Speaking up and out is what compels us to research and write more about our food histories—from slavery to the present—but also about the recipes we created that were heretofore credited elsewhere. It is what drives my friends and colleagues to continuously rewrite the single narrative.[8] It is this same energy that propels us to detail what is happening in Detroit, MI, Washington, DC, on farms across the United States.[9] And it is definitely this energy that encourages us to be our best selves in opening restaurants, as entrepreneur/chefs across the nation showing the broad range of our genius in kitchen management, at the stove, in the vineyard, and on the winelists. Black food energy is everywhere, and we must continue to insist that it stay. Our food lives can no more be reduced to scraps than it can be boxed into a bundle of kohlrabi. This very essence of our lives must speak to the complexities of our personhoods and speak back to the single narratives that continuously want to limit who we are.

Demanding what sustains us culturally, socially, economically, politically, sexually and more, in ways that will allow us to thrive and be whole, comforted, satiated and alive is not a fight from which we should shrink. Rather, it is an ongoing struggle to debunk the single story and to declare, we exist. If Black people allow any element of their material lives to go unremarked and unacknowledged, especially our food cultures, then we will falter, sicken, and die. Our silence will not protect us at all, but our culture will, and one form of that culture is Black food energy.

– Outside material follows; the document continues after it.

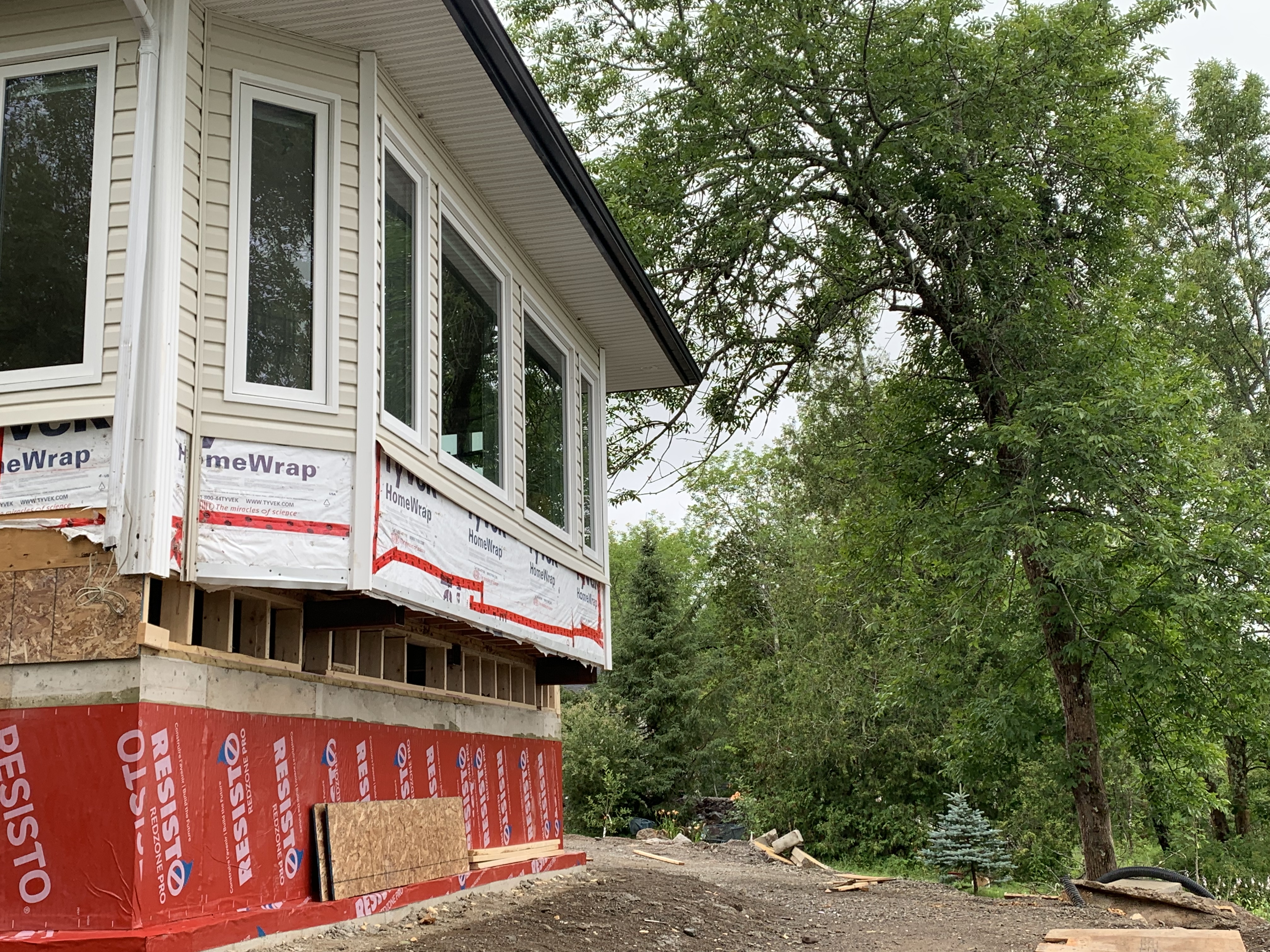 Meanwhile, inside, there is a new, large dry cellar with a gravel floor, all spray foam insulated, with three large sump pits (total pumping capacity 600gal/min). Ground water has always been an issue close to the river, but with the engineered soil-pack, the new elevation and a moisture mitigation strategy, we hope/expect to stay dry (spring and Mother Nature will tell the tale ๐).

(This is a revised article)

References:

[1] Williams-Forson, P. “I Haven’t Eaten If I Don’t Have My Soup and Fufu”: Cultural Preservation through Food and Foodways among Ghanaian Migrants in the United States, August 2014, Africa Today 61(1):69-87

[2] Smart-Grosvenor,  V. Vibration Cooking, or The Travel Notes of a GeeChee Girl. Garden City, New York: Doubleday, 1970.

[3] I am thankful for the collective experiences of Monica White, Ashante Reese, and Kiimberly Nettles-Barcelon, that inform my understanding.

[4] Aiken, K. White People Food’ is Creating an Unattainable Picture of Health.” September 17, 2018. https://www.huffpost.com/entry/white-people-food_n_5b75c270e4b0df9b093dadbb

[5] Adichie, Chimamanda Ngozi. 2009. TEDTalks: Chimamanda Adichie – The Danger of a Single Story. New York, N.Y.: Films Media Group. http://digital.films.com/PortalPlaylists.aspx?aid=13753&xtid=48462.

[6] Williams-Forson, P. 2007. Building houses out of chicken legs: black women, food, and power. Chapel Hill: Univ. of North Carolina Press.

[7] Lorde, A.  2007. “The Transformation of Silence into Language and Action,” Sister outsider: essays and speeches. NY: Ten Speed Press, 40-44.

[8] Here, I am thinking of the work of Toni Tipton Martin, Jessica Harris, Adrian Miller, Michael Twitty, Natasha Bowens, Frederick Douglass Opie, and so many other voices who have recently emerged on the landscape of African American food studies.

[9]The work of Matthew Raiford and Jovan Sage and Heritage Radio Network, Southeastern African American Farmers’ Organic Network (SAAFON), and the Black Farmers and Urban Gardeners are all unparalleled in their missions to critically engage people of African descent living in America and elsewhere in the critical understanding and expression of the range of inequalities that affect Black food energies and lives.